Cosplay Your Fandom: A Cause to Play
In 1984, while attending the WorldCon (World Science Fiction Convention), a Japanese man by the name Nobuyuki Takahashi became intrigued by the Americans in costume and coined the phenomenon “cosplay”. Years later, we only know it as such and would never think to refer to it as anything but.
But, what is cosplay? Some laymen may compare it to Halloween, or Mardi Gras, but in all actuality it is much different than that – at least to the fans involved. While like Halloween or Mardi Gras it is a perfect excuse for attractive women to dress in scandalous attire, there’s more than just the superficial surface that meets the eye. Cosplay is almost entirely allocated to conventions of any sort – the majority of them being comic conventions, which may include WonderCon, ComikazeeCon, and of course the most well-known Comic-Con, which takes place in San Diego. People involved in Cosplay are usually very serious about the character they are portraying, most of them even going so far as to get into character, almost like street or theater performance.

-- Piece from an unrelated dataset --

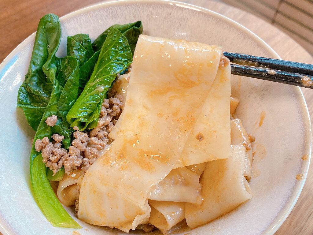 花椒のきいた麻辣のたれと絡めて食べる幅広麺。
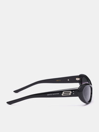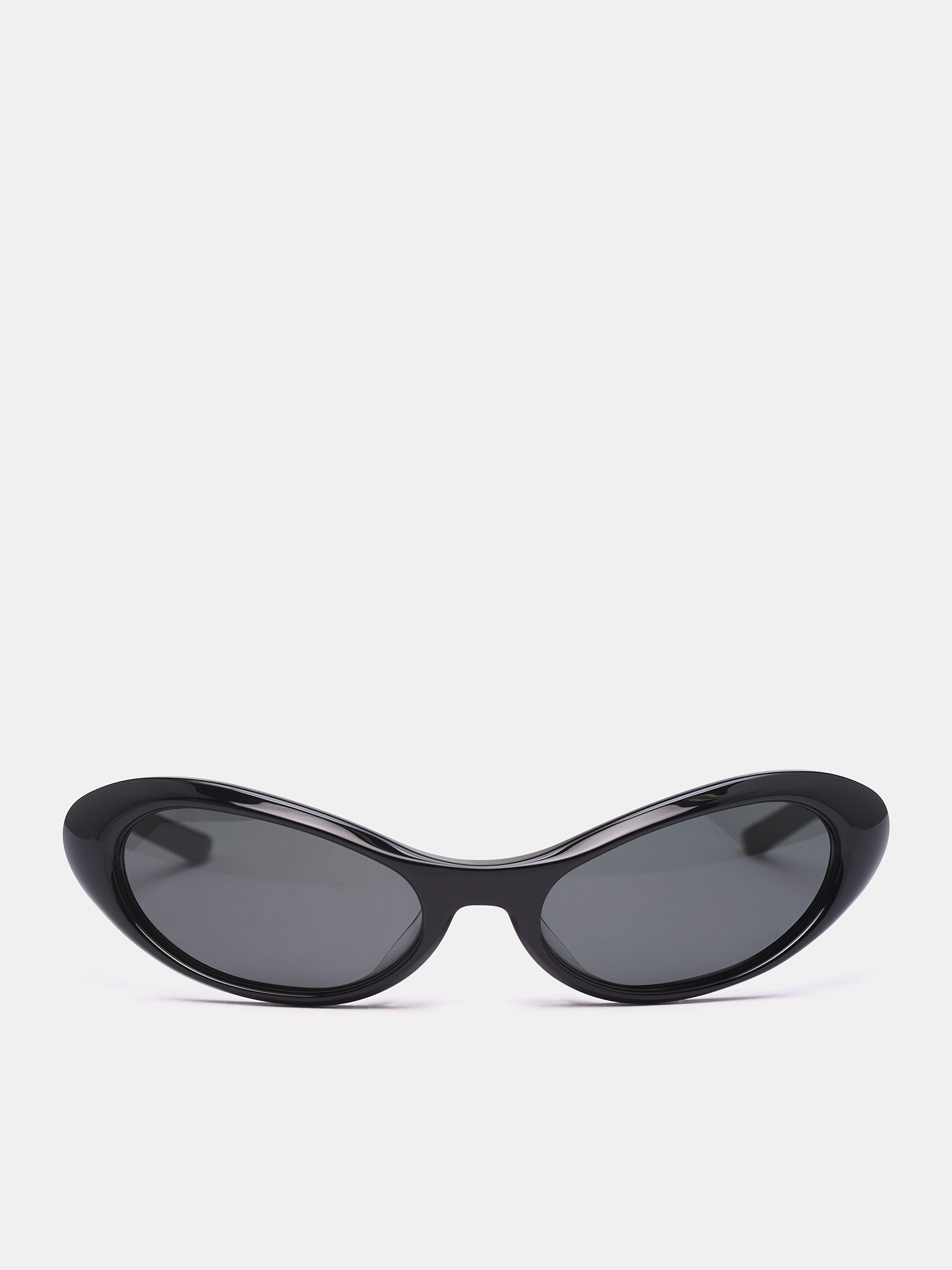 GENTLE MONSTER sunglasses in black, acetate construction, glossy finish, cat eye frames, fixed nose pads, grey-tinted lenses, side logo detailing, case included. Acetate One Size

While the fandom began in the United States, it really took off in Japan, earning not only its now legendary name there, but also branches of the culture, anime imitators being the biggest of the bunch.
A fun little fact for our readers, is that in the 1970s, there was so much nudity at some of the conventions – men and women alike “dressing up” (for lack of a better term) as characters, a “no costume is no costume” rule was established. Even still, arbitrators who are designated to oversee some of these conventions will periodically send people to change their outfits if they deem them “unfriendly” in the presence of families.

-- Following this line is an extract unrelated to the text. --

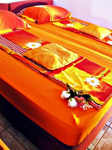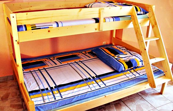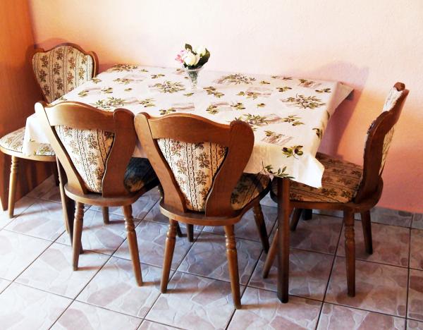 55m²; zwei Schlafzimmer mit Doppelbetten und ein Zusatzbett, Küche mit Esszimmer, Badezimmer mit WC, Balkon, WLAN, Parkplatz
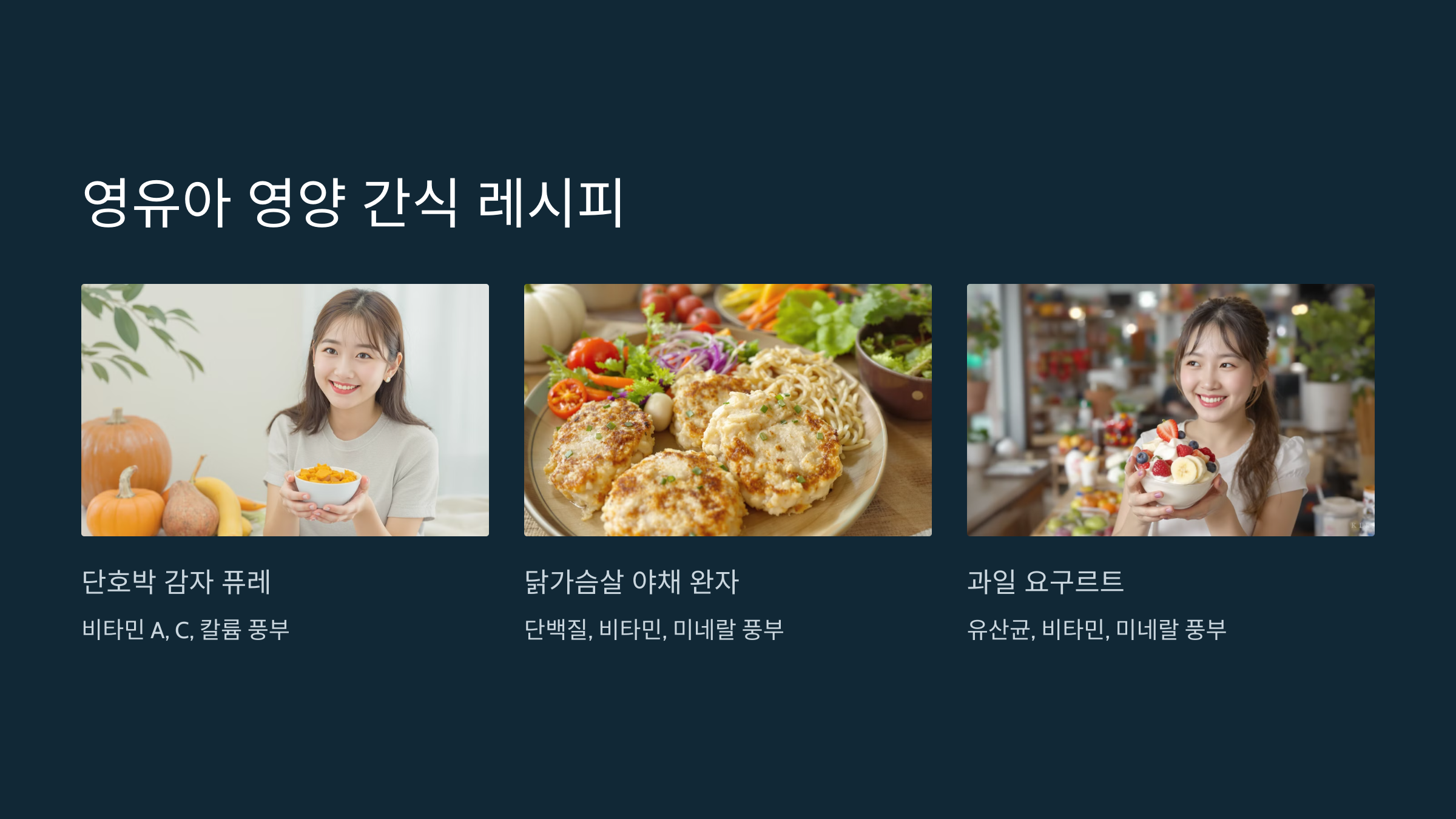 영양플러스 대상 영유아를 위한 맛있고 건강한 간식 레시피를 소개합니다. 집에서 쉽게 만들 수 있으며, 아이의 입맛과 건강을 모두 만족시킬 수 있는 레시피들입니다.

The rise of cosplay seems to be getting bigger, more elaborate – which also means it will inevitably become more expensive, too. While some outfits may only be in the ballpark of $100-300, others may be upwards of $3,000. Not a small price to pay for a few hours of falling into the world of make believe.
To those who are fans of this widespread fandom though, they do it with love, passion and not a shred of embarrassment – and why not? Falling into make believe is fun! After all, if I were to go to Comic-Con, you better believe I’d be looking for Batman.